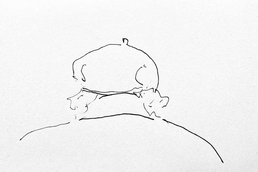 Meine Zeichnungen entstehen in der alltäglichen Umgebung, unterwegs oder gezielt projektbezogen - ein spielerisches Erfassen wesentlicher Charaktermerkmale bei minimal kontrollierendem Blick auf die entstehende Zeichnung. Die Blindzeichnung - entweder mit geschlossenen Augen oder nur auf den Gegenstand schauend - bildet die Grundlage für diesen zeichnerischen Ausdruck.
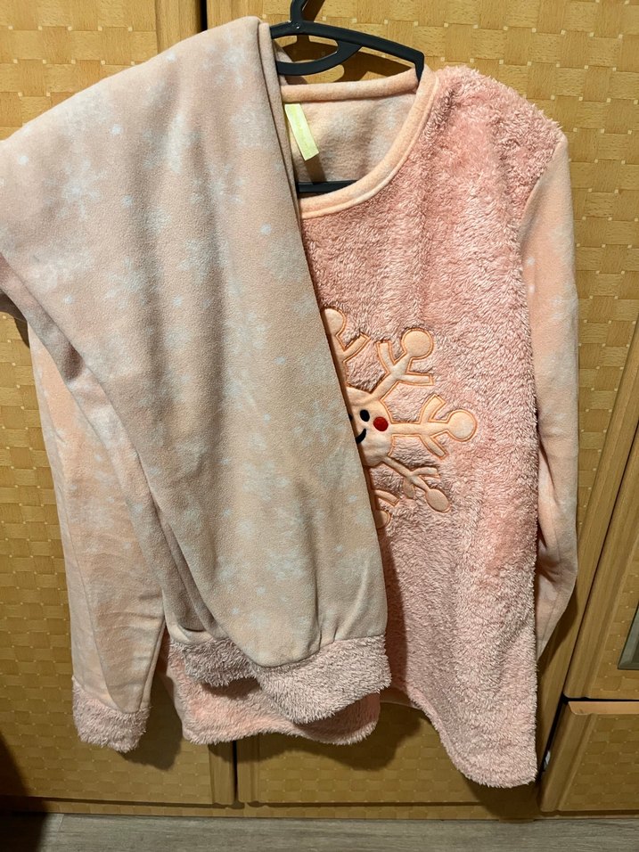 Pembe pastel renkte, uzun kollu ve midi boyda, yumuşak ve rahat kumaştan üretilmiş bol kesim kadın pijama takımı. Üst kısmında kar tanesi deseni bulunur. ❄️
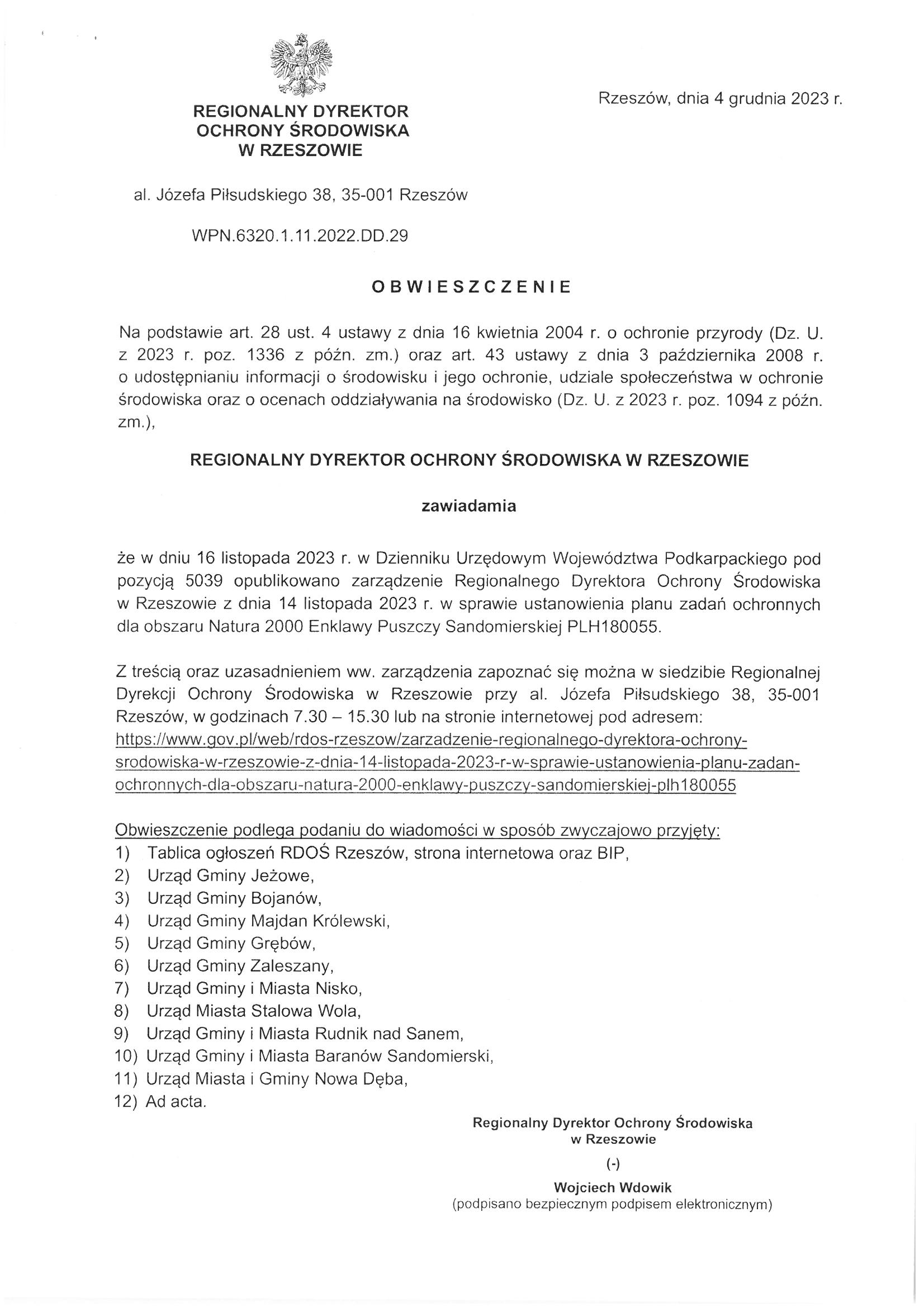 Obwieszczenie Regionalnego Dyrektora Ochrony Środowiska w Rzeszowie z dnia 04 grudnia 2023 r. znak:WPN.6320.1.11.2022.DD.29

-------

Exercise prompt
Pictures aside, repeat every line of the data above exactly.

Response area
 Meine Zeichnungen entstehen in der alltäglichen Umgebung, unterwegs oder gezielt projektbezogen - ein spielerisches Erfassen wesentlicher Charaktermerkmale bei minimal kontrollierendem Blick auf die entstehende Zeichnung. Die Blindzeichnung - entweder mit geschlossenen Augen oder nur auf den Gegenstand schauend - bildet die Grundlage für diesen zeichnerischen Ausdruck.
 Pembe pastel renkte, uzun kollu ve midi boyda, yumuşak ve rahat kumaştan üretilmiş bol kesim kadın pijama takımı. Üst kısmında kar tanesi deseni bulunur. ❄️
 Obwieszczenie Regionalnego Dyrektora Ochrony Środowiska w Rzeszowie z dnia 04 grudnia 2023 r. znak:WPN.6320.1.11.2022.DD.29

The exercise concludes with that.